Deportation has other adverse effects on children’s health. The family member deported is often the family’s sole breadwinner. That forces the family to seek assistance so they don’t starve or become homeless. Yet many such families are afraid to reach out for resources, fearing more repercussions. This threat of exposure caused undocumented immigrants in Flint, Mich., to choose between giving their children leaded water or risk being deported if they sought to get bottled water.

Deportation, and even the threat of it, has tremendous health implications for the most vulnerable populations among us. Children are unfairly shouldering these burdens, ranging from lack of access to food or water, and extending to lifelong psychologic trauma. In medicine, to “first do no harm,” we must step outside the hospital and look at the environments in which children are being raised and stand up for the voiceless.

To a crowd of thousands of pediatricians at a recent national conference, Dr. Benard Dreyer, the president of the American Academy of Pediatrics, emotionally and emphatically proclaimed, “We must take care of all children.” The audience wholeheartedly agreed.

I think back to my 7-year-old patient and still wonder what to say. What would you tell a child who only wants his father back?

Chethan Sarabu, MD, is a pediatrician and a fellow in clinical informatics at Stanford University.

  • “I think back to my 7-year-old patient and still wonder what to say. What would you tell a child who only wants his father back?”

    His father is AVAILABLE in the country of his citizenship!! If the child wishes to unite with his father, let the child go to his home country.

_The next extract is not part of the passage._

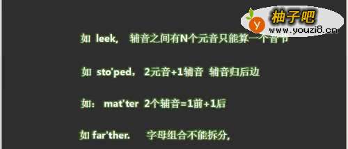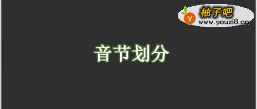 音节划分。 英语中以元音来划分音节,一个元音一个音节,以此类推,辅音是音节的分界线,但两辅音之间不管有多少元音都是一个音节。如leek,只能算一个音节。两元音字母之间有一个辅音字母时,辅音字母归后一音节。如,sto'ped。有两个辅音字母时,一个辅音字母归前一音节,一个归后一音节,如: mat'ter .字母组合不能拆分,如 far'ther.

  • Illegal immigration is not a victimless crime. According to numbers from the latest National Academy of Sciences report on immigration, mass immigration causes the redistribution of nearly half a billion dollars annually from low wage Americans and previous immigrants to business owners. And, too much immigration really does take jobs from Americans. Bottom line: too much immigration helps keep millions of American children in poverty, undoubtedly harming their health. http://cis.org/NAS-Study-Workers-and-Taxpayers-Lose-Businesses-Benefit

  • I think you aren’t considering the dangerous war-like conditions and extreme poverty these children would have to return to in order to remain united with both parents. The deported parent will have virtually zero income potential so the remaining family must stay in the U.S. to survive. And, it is not unusual for one family to have both US-citizen and non-US-citizen children in it.
    In terms of the rule of law, the law considers this “ripping” mere ordinary hardship, thus not worthy of allowing a parent to stay, since extreme hardship is required. The author’s point is to show how powerfully a parent’s deportation affects a child. When the rest of the family are all lawful residents, is it good public policy to send them to the welfare rolls by deporting one parent?
    These are complex issues. Permanent damage to a child’s psyche is not a “strawman” argument.

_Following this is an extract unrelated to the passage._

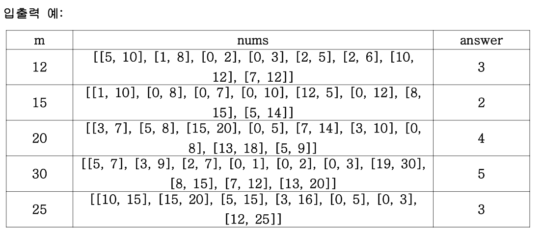 • nums[i][0]은 i번째 선긋기의 시작 점, nums[i][1]은 i번째 선긋기의 끝점입니다. • 0 <= nums[i][0] < nums[i][1] <= 10,000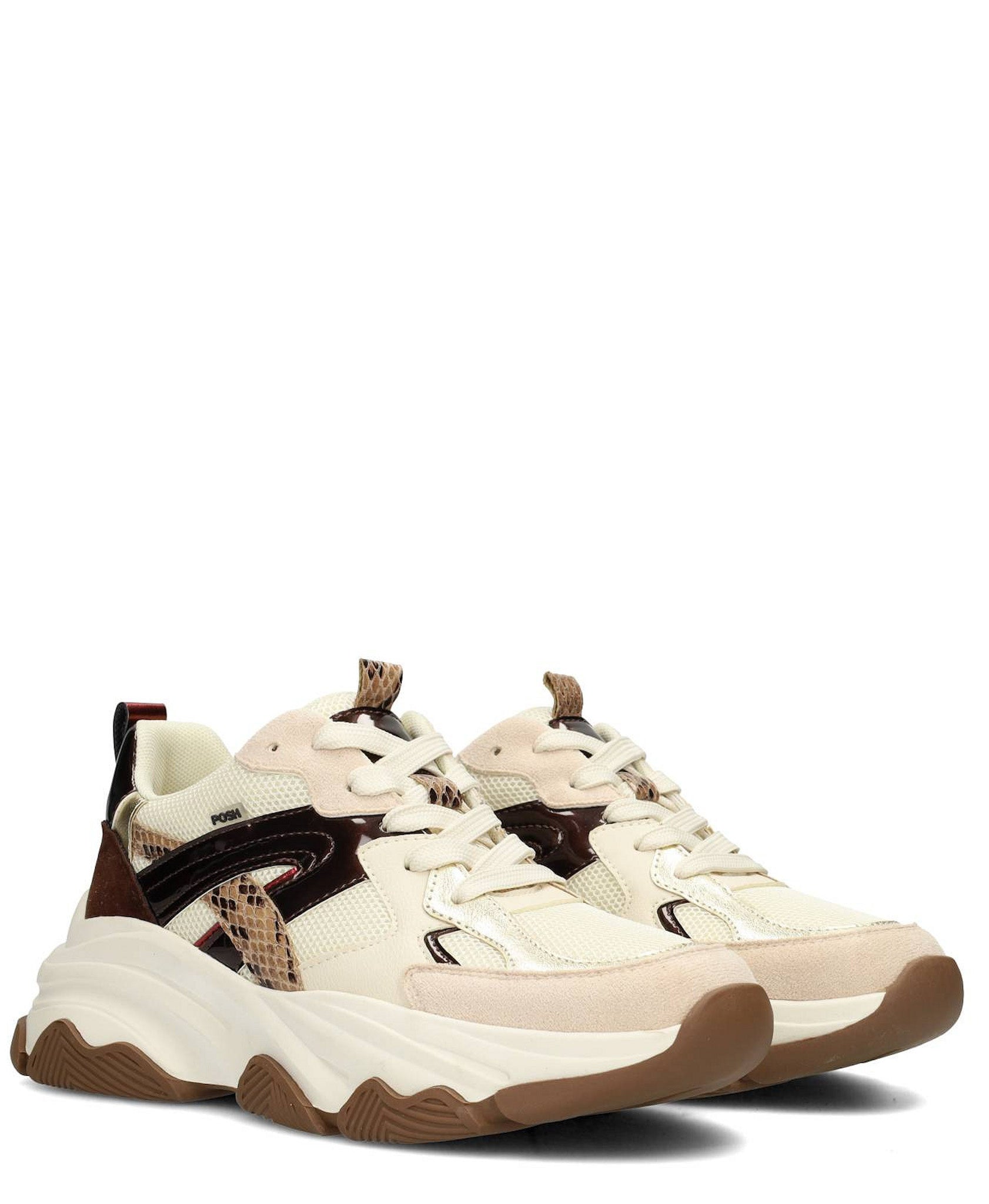 De Poelman Gigi sneakers zijn onderdeel van de POSH-lijn, waar mode en comfort samenkomen in een elegante uitvoering. Het bovenwerk is gemaakt van hoogwaardig beige synthetisch materiaal met subtiele bruine accenten, stikdetails en een sportieve belijning. De chunky zool zorgt niet alleen voor een stoere uitstraling, maar biedt ook extra lengte zonder in te boeten op comfort.

  • Why are children left behind? Does the author advocate splitting families when parents with American born children are illegal aliens being deported? Why does the author not want the children to go with their parents? Sure ripping children from parents has a terrible effect on children so why does the author assume such ripping will occur when illegal aliens are deported? The article is an American Left strawman argument against rule of law.